■ Data excerpt ■
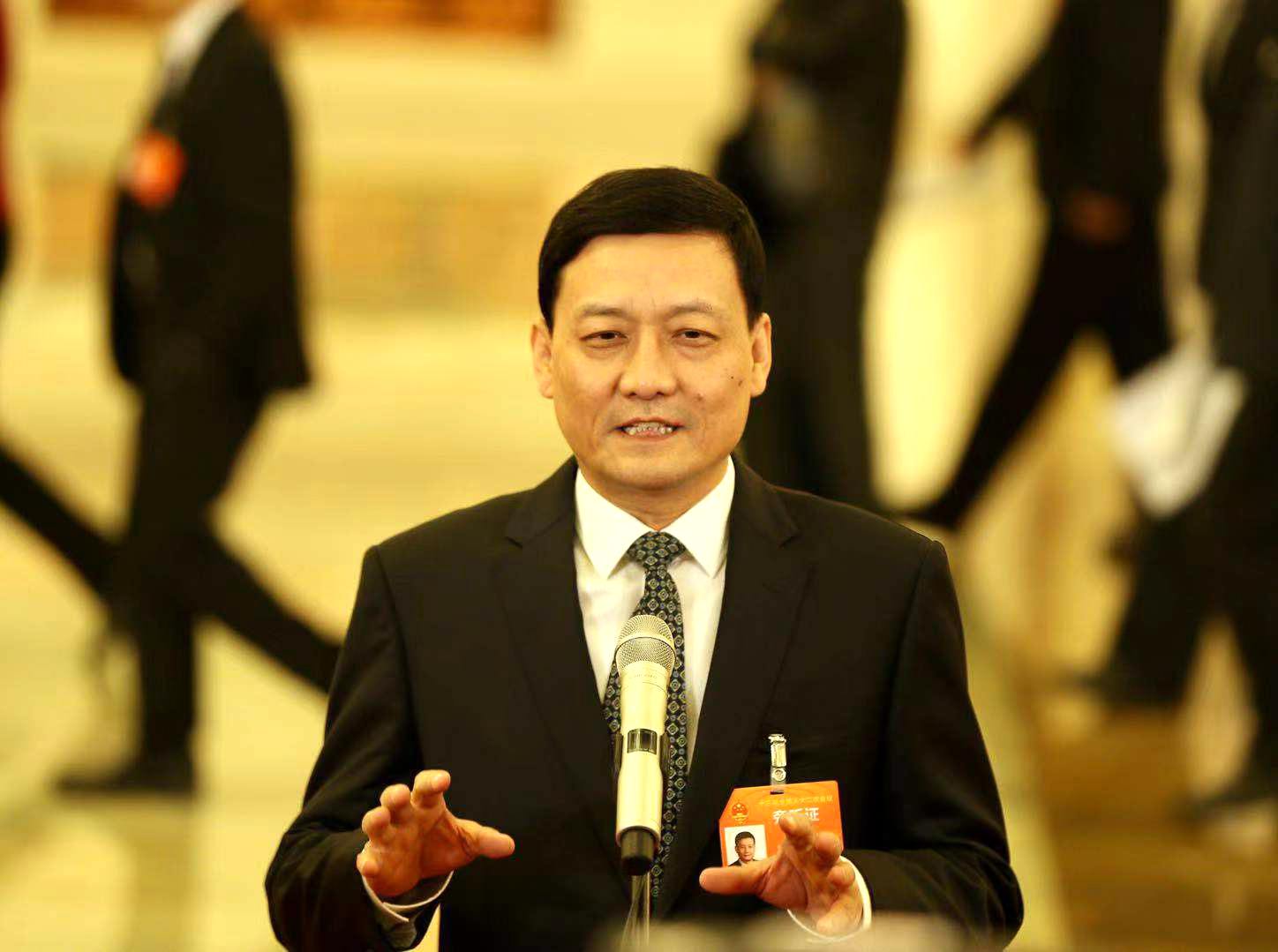 3月12日,十三届全国人大二次会议在北京人民大会堂举行第三次全体会议。这是国务院国资委主任肖亚庆在“部长通道”接受采访。中国证券报记者车亮摄影。
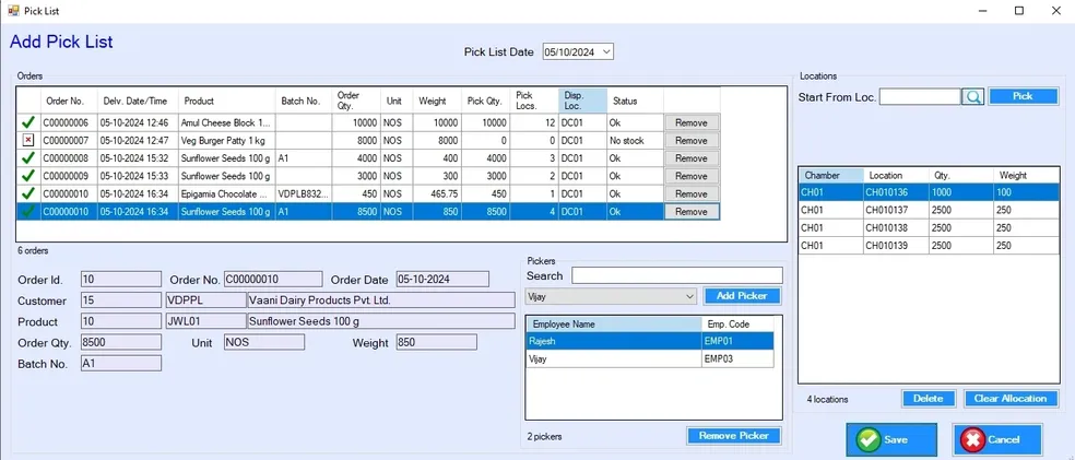 Users can select the delivery date, and the system automatically fetches all orders scheduled for that date. It allocates locations for picking based on Batch Number or stock out methods like FIFO (First In, First Out), FEFO (First Expiry, First Out), and LIFO (Last In, First Out). Users can then select available pickers, and the system divides the locations among them, optimizing the workload distribution.
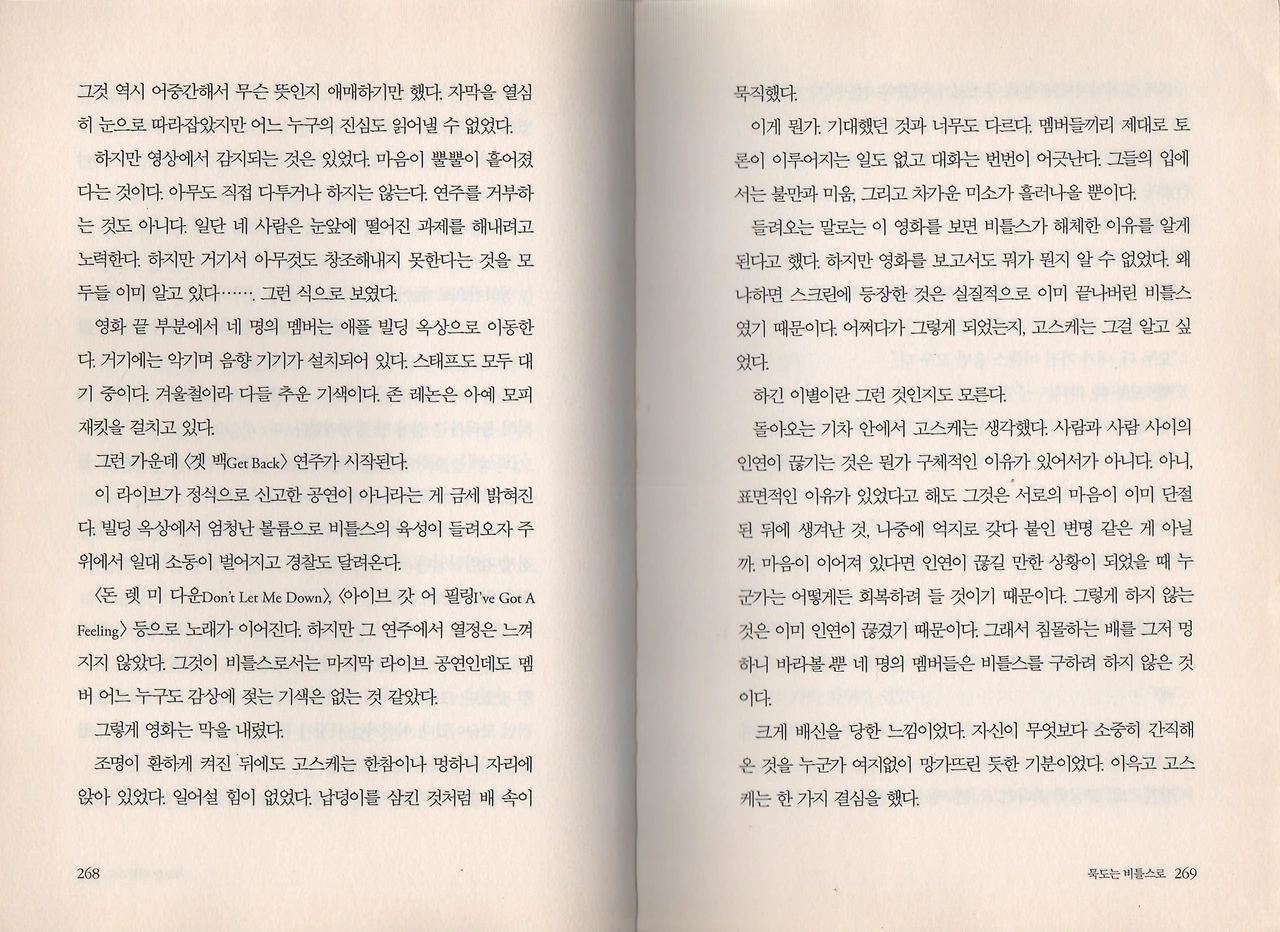 비디오 영상 속의 비틀스는 고스케의 기억과는 조금 달랐다. 옛날에 영화관에서 봤을 때는 그들의 마음이 뿔뿔이 흩어져 있고 연주도 서로 어우러지지 않는 것처럼 느꼈었다. 하지만 지금 이렇게 바라보니 그때와는 전혀 느낌이 달랐다.
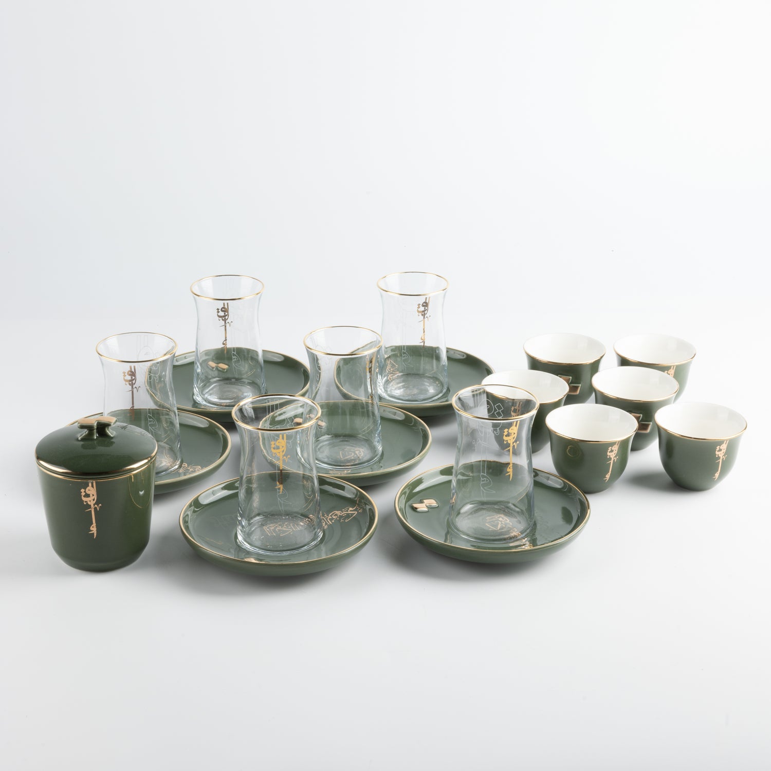 Liqa'a - Tea Set (19-Pc) - Olive Green & Gold

■ Aim of the task ■
Omitting all pictures, restate word for word the lines from the one containing "비디오 영상 속의 비틀스는" through the last line of the data.

■ Answer section ■
 비디오 영상 속의 비틀스는 고스케의 기억과는 조금 달랐다. 옛날에 영화관에서 봤을 때는 그들의 마음이 뿔뿔이 흩어져 있고 연주도 서로 어우러지지 않는 것처럼 느꼈었다. 하지만 지금 이렇게 바라보니 그때와는 전혀 느낌이 달랐다.
 Liqa'a - Tea Set (19-Pc) - Olive Green & Gold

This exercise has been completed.